Segment Start: Data in this exercise
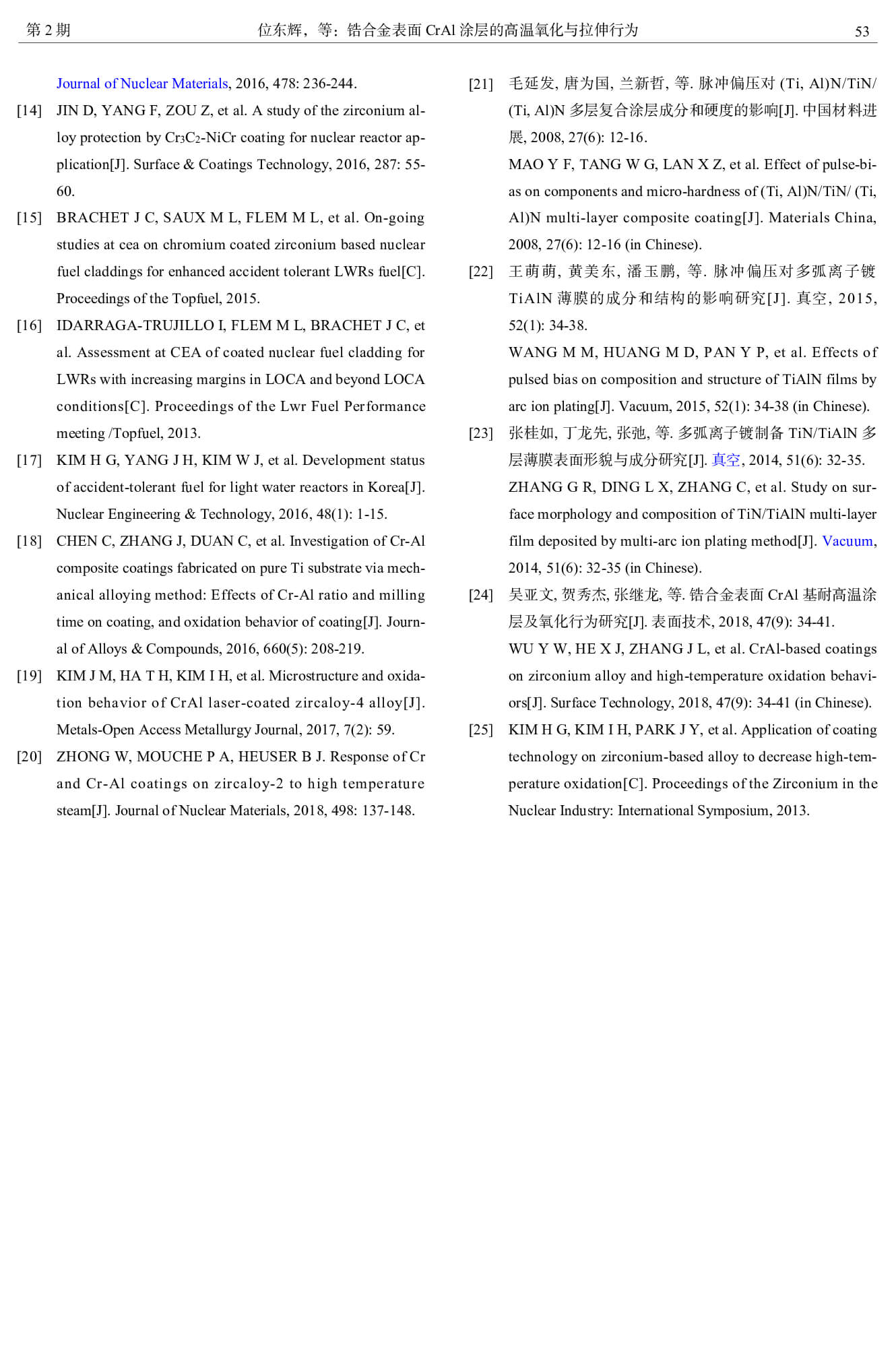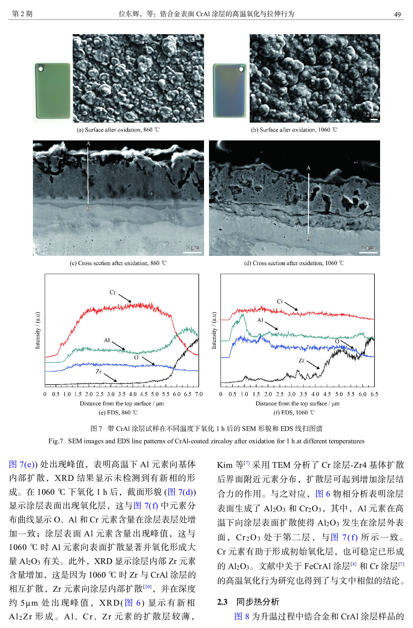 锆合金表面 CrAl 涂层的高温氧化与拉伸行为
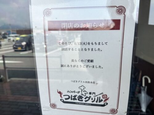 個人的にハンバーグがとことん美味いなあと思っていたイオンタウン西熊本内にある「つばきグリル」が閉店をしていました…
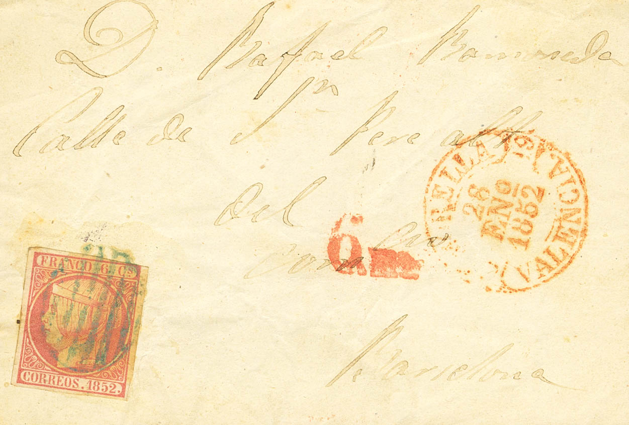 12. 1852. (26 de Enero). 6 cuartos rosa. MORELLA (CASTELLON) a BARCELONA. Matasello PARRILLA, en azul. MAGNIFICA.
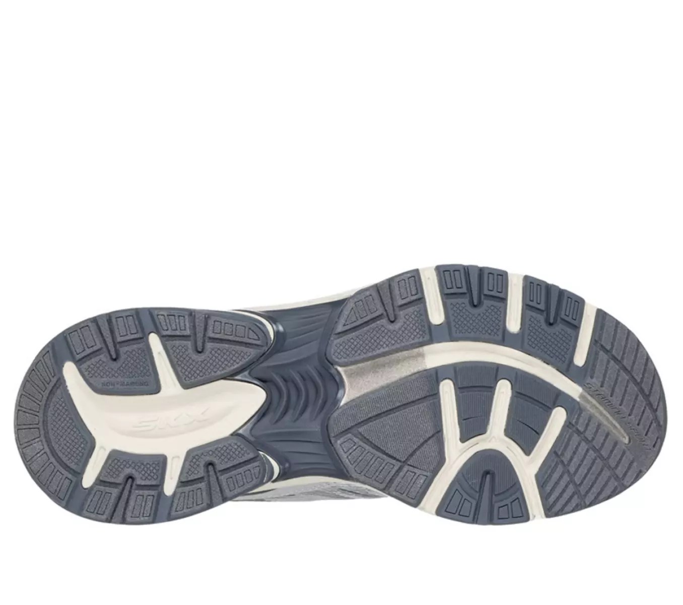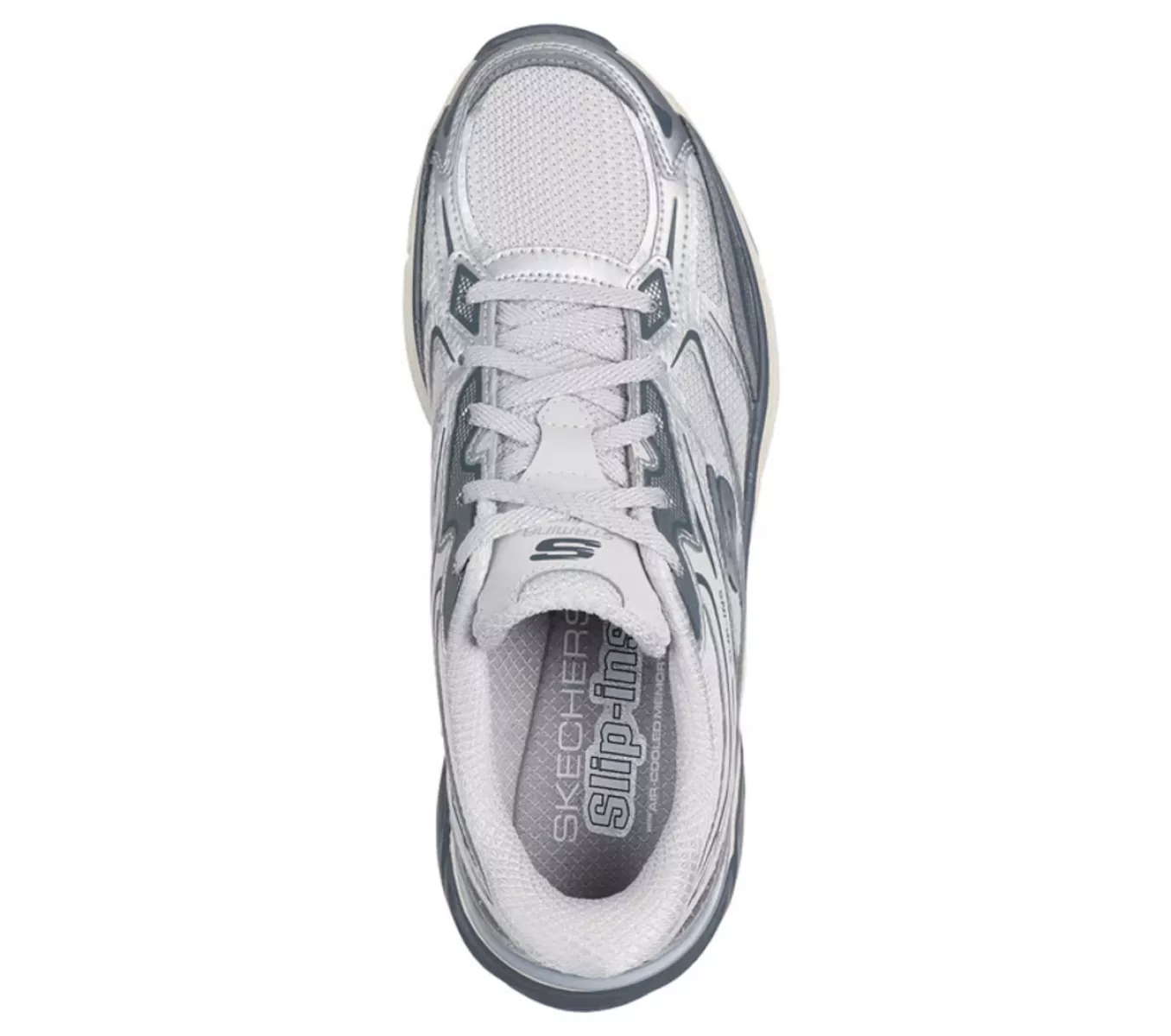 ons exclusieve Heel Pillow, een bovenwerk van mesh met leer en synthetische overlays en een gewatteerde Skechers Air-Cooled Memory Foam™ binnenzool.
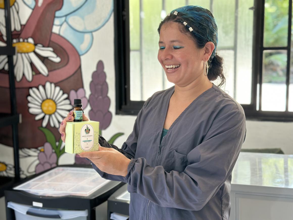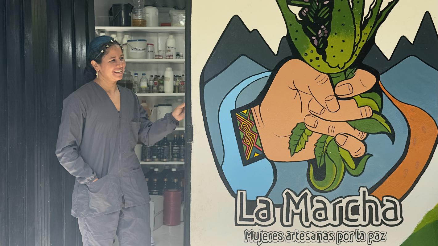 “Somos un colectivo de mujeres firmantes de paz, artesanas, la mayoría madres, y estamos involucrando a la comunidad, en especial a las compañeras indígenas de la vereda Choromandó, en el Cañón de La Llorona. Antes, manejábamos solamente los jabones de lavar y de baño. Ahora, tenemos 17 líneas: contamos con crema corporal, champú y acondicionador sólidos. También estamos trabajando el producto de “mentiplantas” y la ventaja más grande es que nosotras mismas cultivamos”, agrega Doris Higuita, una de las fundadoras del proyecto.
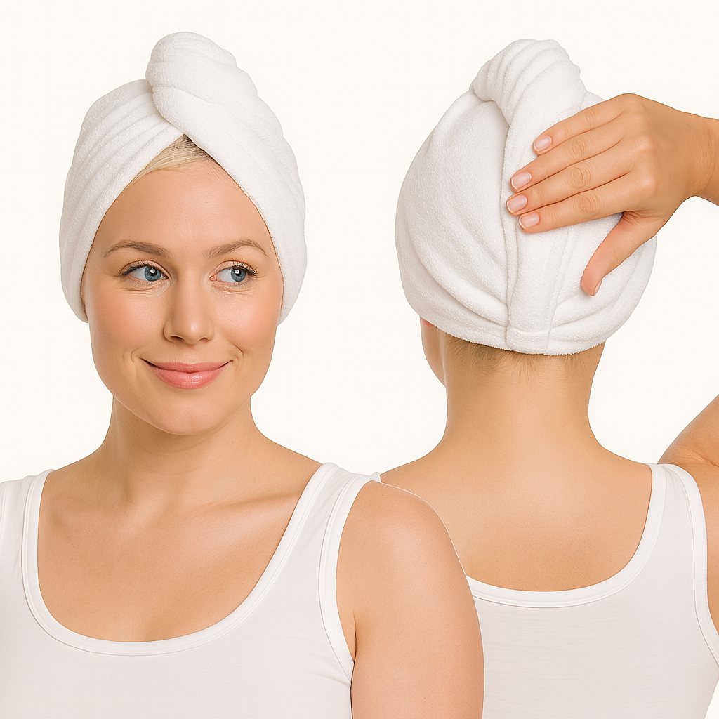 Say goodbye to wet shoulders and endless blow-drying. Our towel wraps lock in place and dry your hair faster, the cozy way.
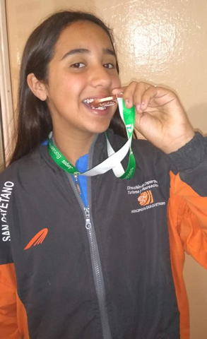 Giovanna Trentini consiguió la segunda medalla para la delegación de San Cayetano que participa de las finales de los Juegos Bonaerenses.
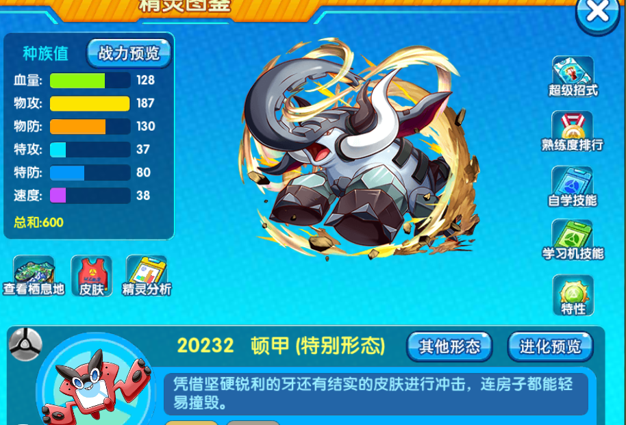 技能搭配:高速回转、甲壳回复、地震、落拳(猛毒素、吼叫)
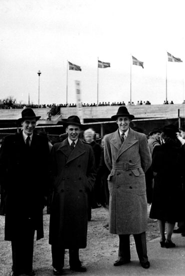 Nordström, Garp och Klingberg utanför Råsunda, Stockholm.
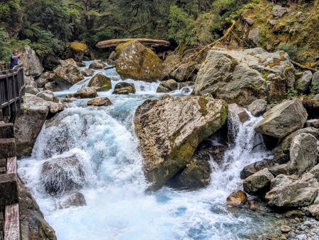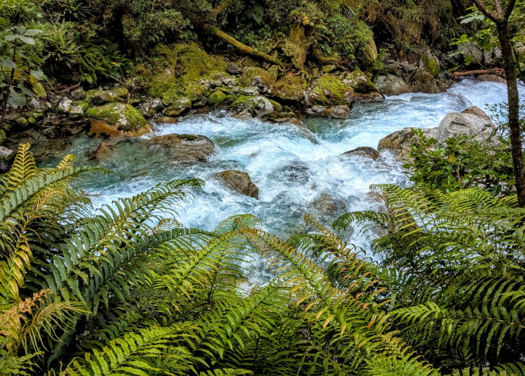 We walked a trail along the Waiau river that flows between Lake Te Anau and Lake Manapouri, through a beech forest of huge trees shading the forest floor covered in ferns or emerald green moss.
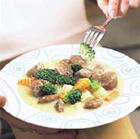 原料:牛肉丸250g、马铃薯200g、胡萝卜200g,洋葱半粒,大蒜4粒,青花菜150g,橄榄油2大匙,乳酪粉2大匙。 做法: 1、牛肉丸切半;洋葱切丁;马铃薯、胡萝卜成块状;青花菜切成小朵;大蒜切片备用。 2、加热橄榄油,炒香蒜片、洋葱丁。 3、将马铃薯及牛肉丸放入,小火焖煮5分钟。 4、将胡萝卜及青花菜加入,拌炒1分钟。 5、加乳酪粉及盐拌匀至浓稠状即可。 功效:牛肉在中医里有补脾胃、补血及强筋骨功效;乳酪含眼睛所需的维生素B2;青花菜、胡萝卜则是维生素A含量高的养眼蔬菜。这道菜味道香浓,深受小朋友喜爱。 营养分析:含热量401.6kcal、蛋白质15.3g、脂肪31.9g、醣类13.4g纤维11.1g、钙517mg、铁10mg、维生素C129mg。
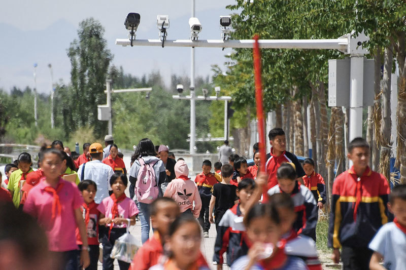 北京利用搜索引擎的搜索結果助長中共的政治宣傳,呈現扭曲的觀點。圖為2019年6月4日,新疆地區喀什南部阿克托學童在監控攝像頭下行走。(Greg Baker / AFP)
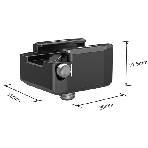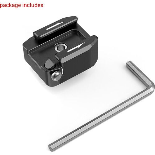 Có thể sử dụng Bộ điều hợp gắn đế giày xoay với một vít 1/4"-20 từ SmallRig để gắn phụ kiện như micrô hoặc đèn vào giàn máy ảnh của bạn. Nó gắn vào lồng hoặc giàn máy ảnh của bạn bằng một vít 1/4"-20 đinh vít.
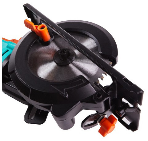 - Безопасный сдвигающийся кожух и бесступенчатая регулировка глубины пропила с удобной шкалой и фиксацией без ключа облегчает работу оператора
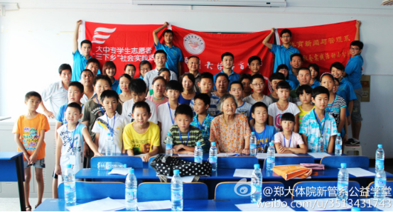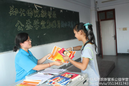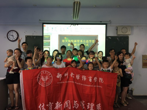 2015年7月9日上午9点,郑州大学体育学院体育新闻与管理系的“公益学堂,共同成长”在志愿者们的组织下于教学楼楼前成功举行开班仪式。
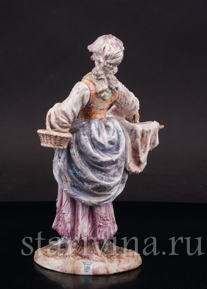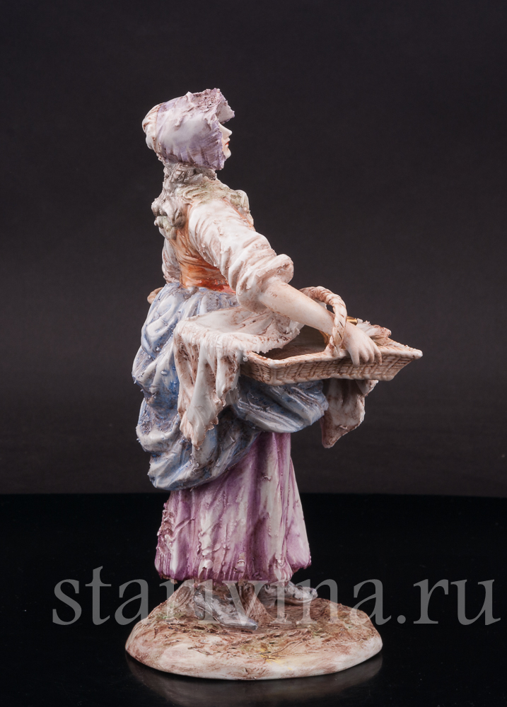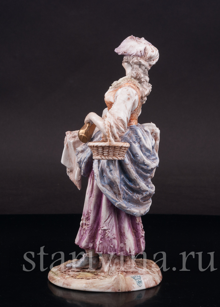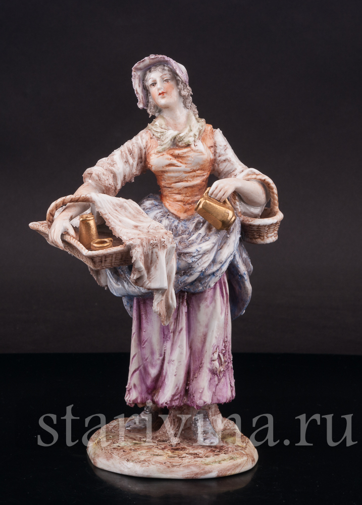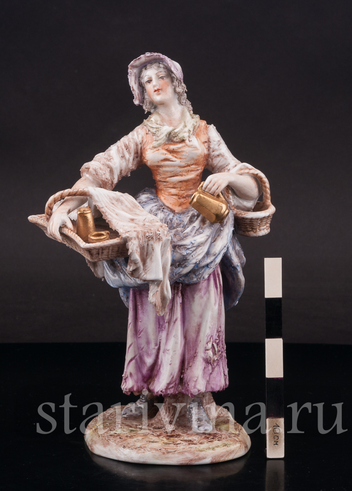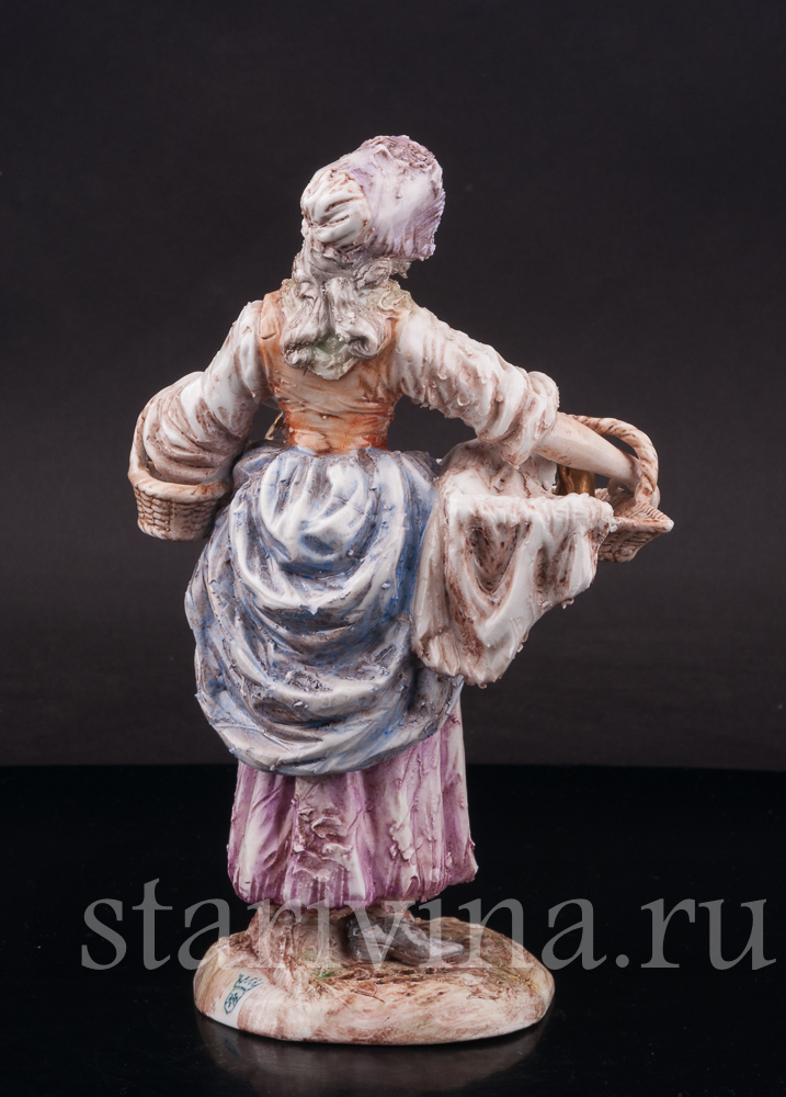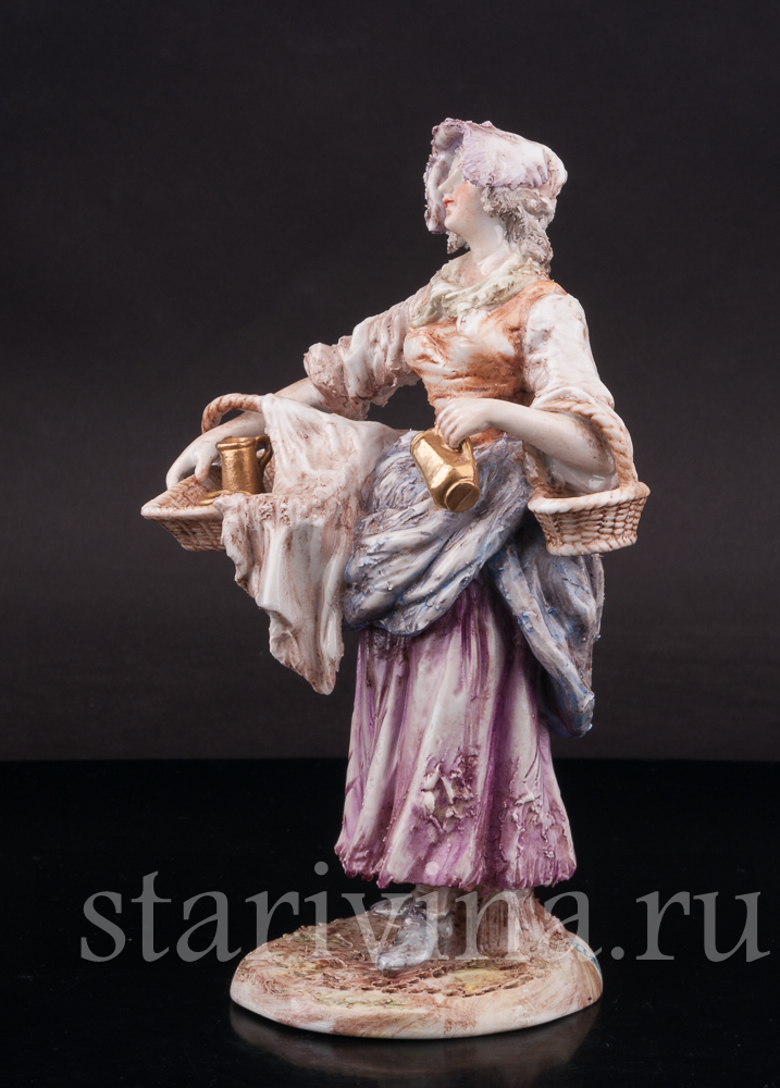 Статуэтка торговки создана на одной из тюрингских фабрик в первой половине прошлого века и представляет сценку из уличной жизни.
Segment End: Data in this exercise
From the records above, copy only the lines running from the line containing "12. 1852. (26" to the line containing "ons exclusieve Heel", both ends included. Leave the pictures out.

 12. 1852. (26 de Enero). 6 cuartos rosa. MORELLA (CASTELLON) a BARCELONA. Matasello PARRILLA, en azul. MAGNIFICA.
 ons exclusieve Heel Pillow, een bovenwerk van mesh met leer en synthetische overlays en een gewatteerde Skechers Air-Cooled Memory Foam™ binnenzool.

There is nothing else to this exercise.